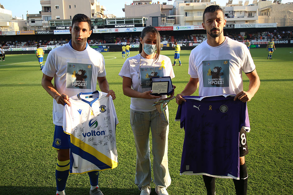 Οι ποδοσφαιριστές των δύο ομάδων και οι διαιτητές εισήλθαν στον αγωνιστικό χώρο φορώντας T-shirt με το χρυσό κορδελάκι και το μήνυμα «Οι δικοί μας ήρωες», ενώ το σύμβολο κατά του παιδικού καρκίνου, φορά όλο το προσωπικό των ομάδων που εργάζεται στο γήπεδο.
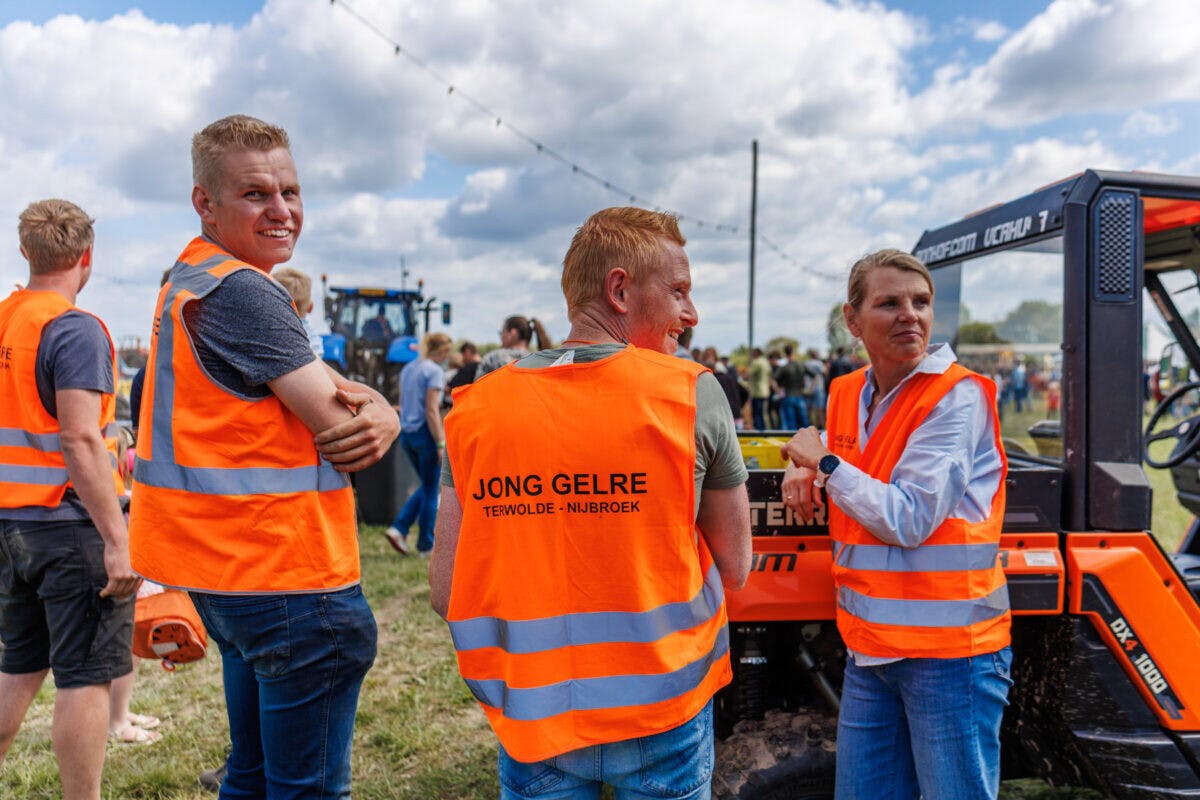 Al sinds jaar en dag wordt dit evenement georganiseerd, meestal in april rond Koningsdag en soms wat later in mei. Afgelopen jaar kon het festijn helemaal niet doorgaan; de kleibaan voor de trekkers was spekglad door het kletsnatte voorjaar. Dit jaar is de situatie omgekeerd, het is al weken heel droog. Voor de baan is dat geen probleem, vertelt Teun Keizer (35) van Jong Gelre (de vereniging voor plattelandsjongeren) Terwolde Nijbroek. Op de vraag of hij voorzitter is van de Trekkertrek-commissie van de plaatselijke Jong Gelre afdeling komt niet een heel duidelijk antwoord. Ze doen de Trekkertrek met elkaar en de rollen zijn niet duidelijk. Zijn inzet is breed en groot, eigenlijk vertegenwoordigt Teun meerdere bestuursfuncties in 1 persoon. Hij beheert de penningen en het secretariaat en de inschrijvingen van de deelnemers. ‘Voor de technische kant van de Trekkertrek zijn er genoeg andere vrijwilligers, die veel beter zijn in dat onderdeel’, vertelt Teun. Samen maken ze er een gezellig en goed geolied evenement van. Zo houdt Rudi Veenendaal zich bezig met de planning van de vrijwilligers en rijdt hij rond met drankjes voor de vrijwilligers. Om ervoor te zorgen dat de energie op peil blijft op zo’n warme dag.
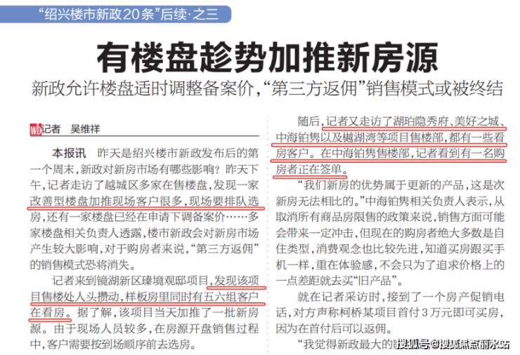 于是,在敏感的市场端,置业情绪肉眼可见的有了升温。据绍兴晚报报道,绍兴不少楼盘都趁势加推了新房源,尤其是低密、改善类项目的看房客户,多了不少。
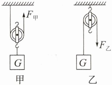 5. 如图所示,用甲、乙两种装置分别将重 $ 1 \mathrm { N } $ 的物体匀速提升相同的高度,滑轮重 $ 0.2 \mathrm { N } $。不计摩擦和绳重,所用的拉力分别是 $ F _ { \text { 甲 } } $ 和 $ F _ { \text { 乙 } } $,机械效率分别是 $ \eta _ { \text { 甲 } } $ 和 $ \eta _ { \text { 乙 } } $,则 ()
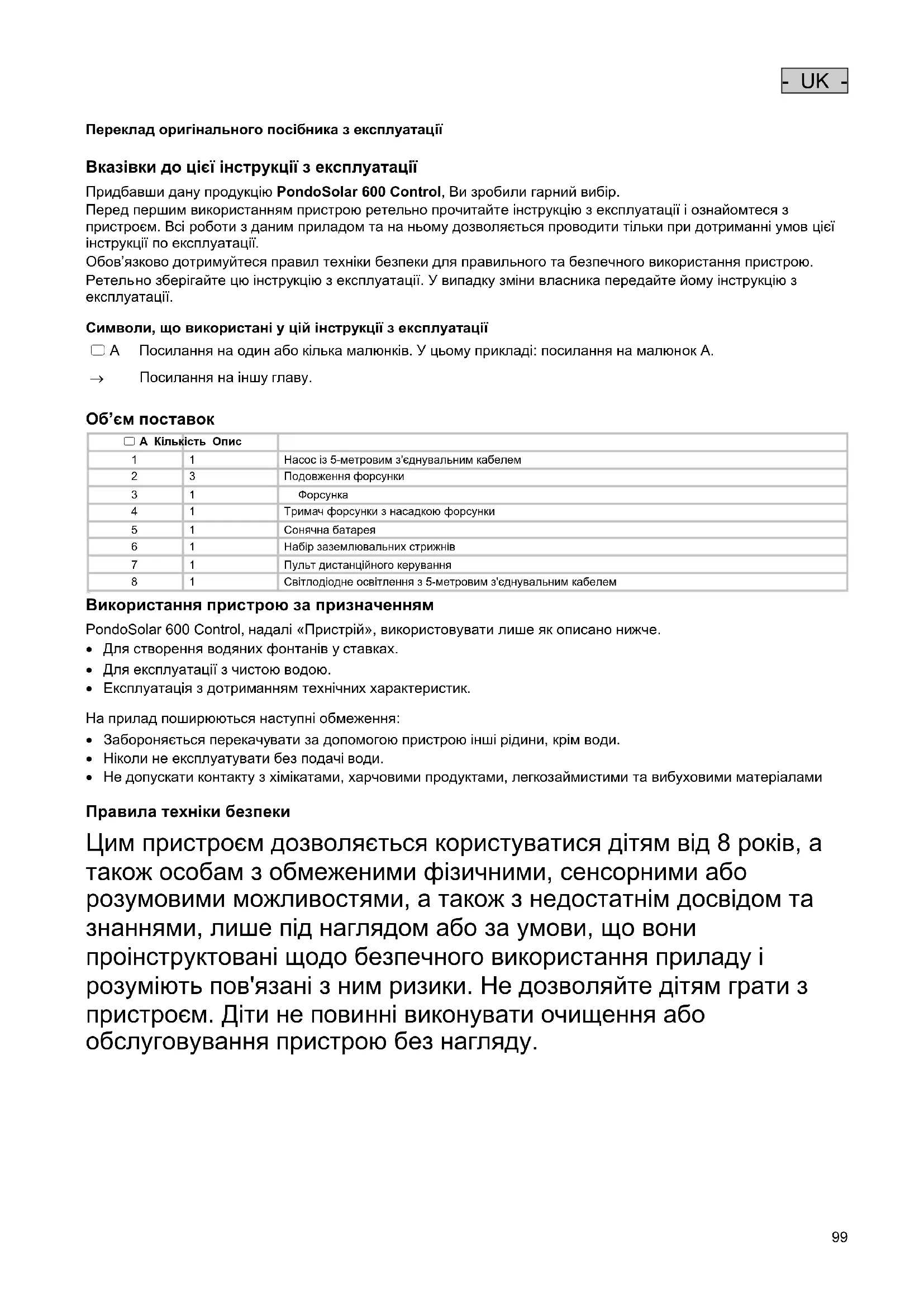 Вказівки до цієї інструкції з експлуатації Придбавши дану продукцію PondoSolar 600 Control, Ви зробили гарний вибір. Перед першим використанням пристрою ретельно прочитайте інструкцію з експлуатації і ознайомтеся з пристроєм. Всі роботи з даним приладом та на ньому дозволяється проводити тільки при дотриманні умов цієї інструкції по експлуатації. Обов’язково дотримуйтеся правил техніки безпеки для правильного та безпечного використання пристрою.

- **PROBLEM**:
Write out the data above in full and exactly, but without the pictures.

- **EXERCISE RESULT**:
 Οι ποδοσφαιριστές των δύο ομάδων και οι διαιτητές εισήλθαν στον αγωνιστικό χώρο φορώντας T-shirt με το χρυσό κορδελάκι και το μήνυμα «Οι δικοί μας ήρωες», ενώ το σύμβολο κατά του παιδικού καρκίνου, φορά όλο το προσωπικό των ομάδων που εργάζεται στο γήπεδο.
 Al sinds jaar en dag wordt dit evenement georganiseerd, meestal in april rond Koningsdag en soms wat later in mei. Afgelopen jaar kon het festijn helemaal niet doorgaan; de kleibaan voor de trekkers was spekglad door het kletsnatte voorjaar. Dit jaar is de situatie omgekeerd, het is al weken heel droog. Voor de baan is dat geen probleem, vertelt Teun Keizer (35) van Jong Gelre (de vereniging voor plattelandsjongeren) Terwolde Nijbroek. Op de vraag of hij voorzitter is van de Trekkertrek-commissie van de plaatselijke Jong Gelre afdeling komt niet een heel duidelijk antwoord. Ze doen de Trekkertrek met elkaar en de rollen zijn niet duidelijk. Zijn inzet is breed en groot, eigenlijk vertegenwoordigt Teun meerdere bestuursfuncties in 1 persoon. Hij beheert de penningen en het secretariaat en de inschrijvingen van de deelnemers. ‘Voor de technische kant van de Trekkertrek zijn er genoeg andere vrijwilligers, die veel beter zijn in dat onderdeel’, vertelt Teun. Samen maken ze er een gezellig en goed geolied evenement van. Zo houdt Rudi Veenendaal zich bezig met de planning van de vrijwilligers en rijdt hij rond met drankjes voor de vrijwilligers. Om ervoor te zorgen dat de energie op peil blijft op zo’n warme dag.
 于是,在敏感的市场端,置业情绪肉眼可见的有了升温。据绍兴晚报报道,绍兴不少楼盘都趁势加推了新房源,尤其是低密、改善类项目的看房客户,多了不少。
 5. 如图所示,用甲、乙两种装置分别将重 $ 1 \mathrm { N } $ 的物体匀速提升相同的高度,滑轮重 $ 0.2 \mathrm { N } $。不计摩擦和绳重,所用的拉力分别是 $ F _ { \text { 甲 } } $ 和 $ F _ { \text { 乙 } } $,机械效率分别是 $ \eta _ { \text { 甲 } } $ 和 $ \eta _ { \text { 乙 } } $,则 ()
 Вказівки до цієї інструкції з експлуатації Придбавши дану продукцію PondoSolar 600 Control, Ви зробили гарний вибір. Перед першим використанням пристрою ретельно прочитайте інструкцію з експлуатації і ознайомтеся з пристроєм. Всі роботи з даним приладом та на ньому дозволяється проводити тільки при дотриманні умов цієї інструкції по експлуатації. Обов’язково дотримуйтеся правил техніки безпеки для правильного та безпечного використання пристрою.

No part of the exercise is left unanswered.